Self-attention is an attention mechanism that learns a representation by relating different positions in the sequence. The transformer, which is a sequence model solely based on self-attention, and its variants achieved state-of-the-art results in many natural language processing tasks. Since music composes its semantics based on the relations between components in sparse positions, adopting the self-attention mechanism to solve music information retrieval (MIR) problems can be beneficial.

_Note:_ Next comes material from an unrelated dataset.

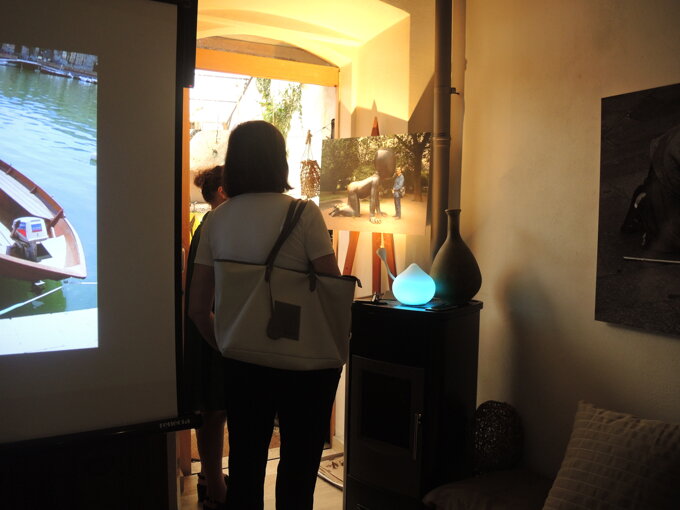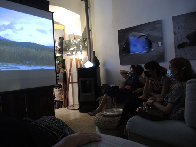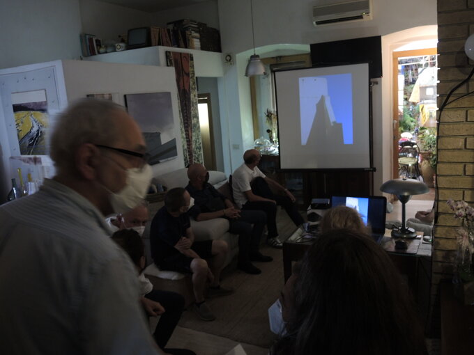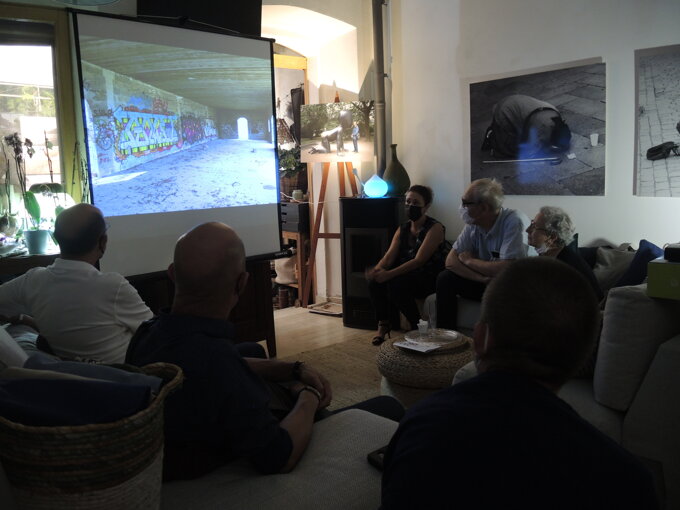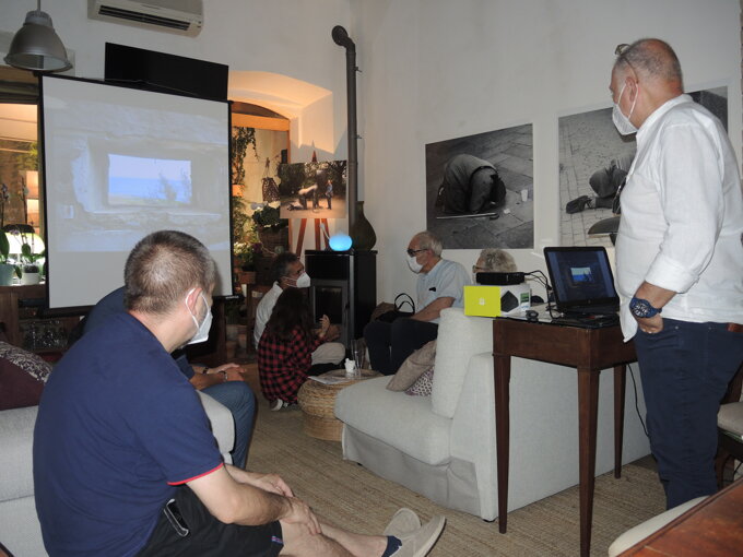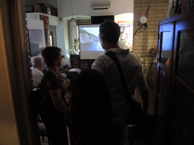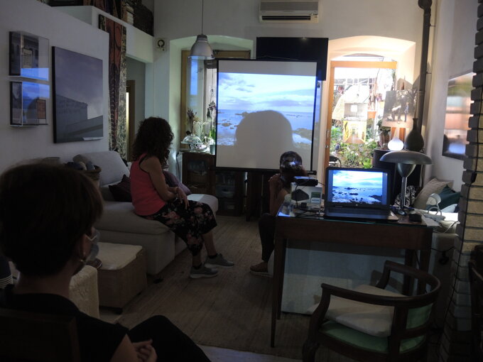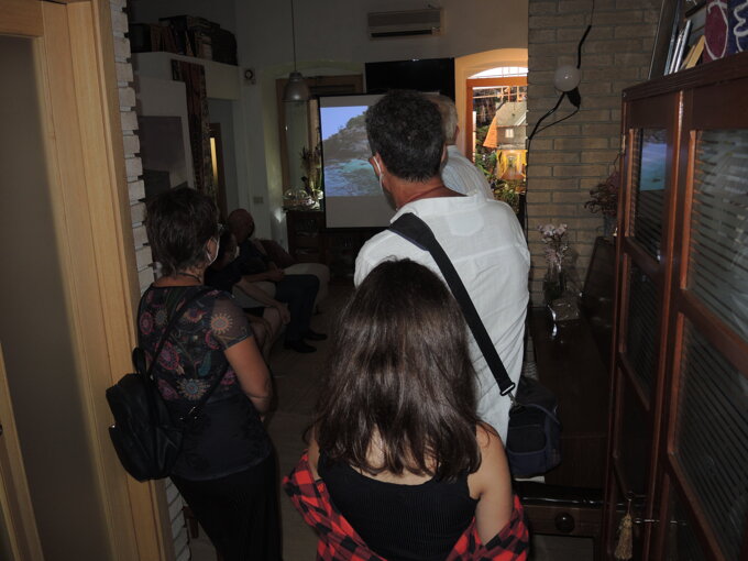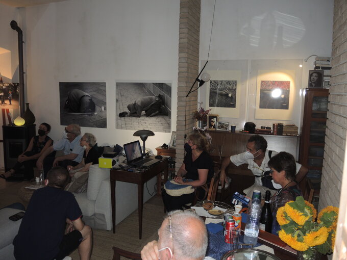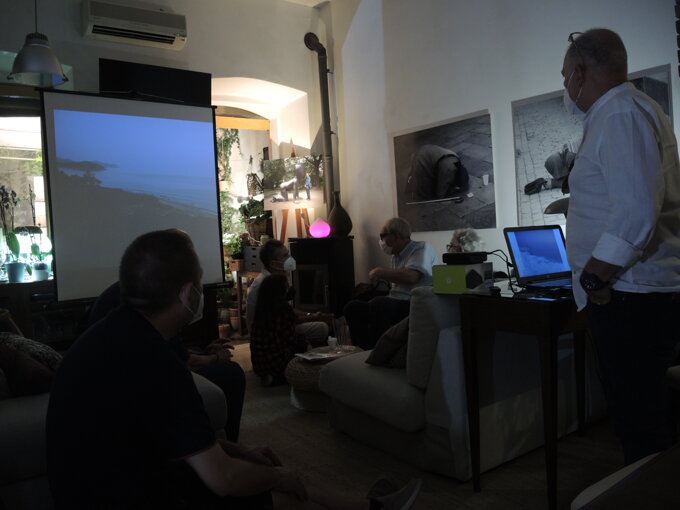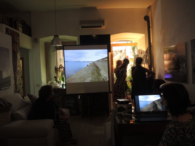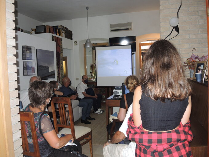 Nello studio e nella sala, affidata a videoproiettori, la proiezione scorreva lenta, ma non troppo, ingrandiva e sfumava le immagini, dando il tempo di una breve presentazione o di una emozione, o forse no...

Hence, we propose a self-attention based deep sequence model for music tagging. The proposed architecture consists of shallow convolutional layers followed by stacked Transformer encoders. Compared to conventional approaches using fully convolutional or recurrent neural networks, our model is more interpretable while reporting competitive results. We validate the performance of our model with the MagnaTagATune and the Million Song Dataset. In addition, we demonstrate the interpretability of the proposed architecture with a heat map visualization.

Environment

This code is based on Python 3. Used libraries can be installed through pip.

pip install -r requirements.txt

Preprocessing

  1. Data split

    python preprocessing/mtat/split.py run your_data_path

  2. Get log mel-spectrograms

    python preprocessing/mtat/preprocess.py run your_audio_path your_data_path

Training

python main.py --architecture 'pons_won' --conv_channels 16 \
--attention_channels 512 --attention_layers 2 --attention_heads 8 \
--batch_size 16 \
--dataset 'mtat' --data_type 'spec' \
--data_path your_data_path --model_save_path your_model_path

Evaluation

python eval.py --architecture 'pons_won' --conv_channels 16 \
--attention_channels 512 --attention_layers 2 --attention_heads 8 \
--dataset 'mtat' --data_type 'spec' \
--data_path your_data_path --model_load_path your_model_path

Pre-trained model

Use models/ponswon.pth.

Visualization

Check visualize/visualize_example.ipynb.

Citation

@article{won2019attention,
    title={Toward Interpretable Music Tagging with Self-Attention},
    author = {Won, Minz and Chun, Sanghyuk and Serra, Xavier},
    journal={arXiv preprint arXiv:1906.04972},
    year={2019}
}